I pressed up to the doorway to see what was passing. Mammy Jacks was pounding at the door of an inner room—doubtless her mistress’s. The other women with the vehemence of their race were kissing the Master’s hand and even his clothes. “Steady! Steady!” Wilmer was saying, “Don’t frighten her!” And he raised his voice,
“Con, it’s I!” he cried. “All is well, girl. Here’s a visitor to see you!”
She appeared. But I saw at a glance that this was not the same girl who on the night of my arrival had met Wilmer with flying skirts and cries of joy. This girl came out, pale, shrinking, frightened. True, in a breath she was in her father’s arms, she was sobbing in abandonment on his shoulder. But, believe me, in that short interval my desire for vengeance had taken flight; it had vanished at the first sight of her face. The sooner she knew that I was safe, the better! I did not understand her, she was beyond my comprehension, she was still a puzzle. But I knew that she had suffered, and was suffering still.
“There, honey, all’s well, all’s well!” Wilmer said, soothing her. I think that for the time he had completely forgotten me and my affairs. “What is it? What’s amiss, child? Here’s your god-father—a big man now! Look up, here’s Marion!”
On that I crept away. I felt that I ought not to be looking on. It seemed to be a—well, I gave it no name, but I felt that I had no right to be there, and I went down into the darkness below the veranda, and stood a dozen yards away where I could not hear what passed, or could hear only the one sharp cry that the news of my safety drew from her. Marion’s men had taken the horses round to the cabins, and I was alone. I had the puzzle to amuse me still, if I chose to work upon it; and I had leisure. But it was no longer to my taste and not many minutes passed before Wilmer summoned me.

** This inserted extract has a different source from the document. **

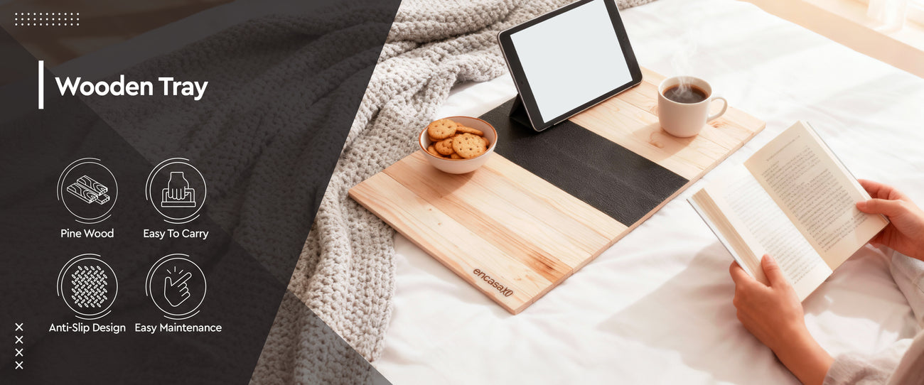 - EXCEPTIONAL BUILD : Made from pinewood, this tray is designed for durability and elegance, featuring a unique leather fabric patch for enhanced grip.

I had no choice then, I had to go up into the room. But so changed were my feelings in regard to this girl that I loathed the necessity. I was as unwilling to face her, as unwilling to shame her, as if I had been the criminal. I would have given many guineas to be a hundred miles away.
I might have spared my scruples for she was not there, she was not to be seen. Instead, I met the men’s eyes; they glanced at me, then away again. They looked disconcerted. For my part I affected to be dazzled by the light. “It has been a little too much for my daughter,” Wilmer said. “I don’t quite understand what happened,” he continued awkwardly, “but she seems to think, Major—she seems to have got it into her head—”
“It was a shock to Miss Wilmer,” I said. “And no wonder! I am not the steadier for it myself.”
“Just so,” he replied slowly. “Of course. But she’s got an idea that she did not do all—”
“I hope that they did not strike her,” I said.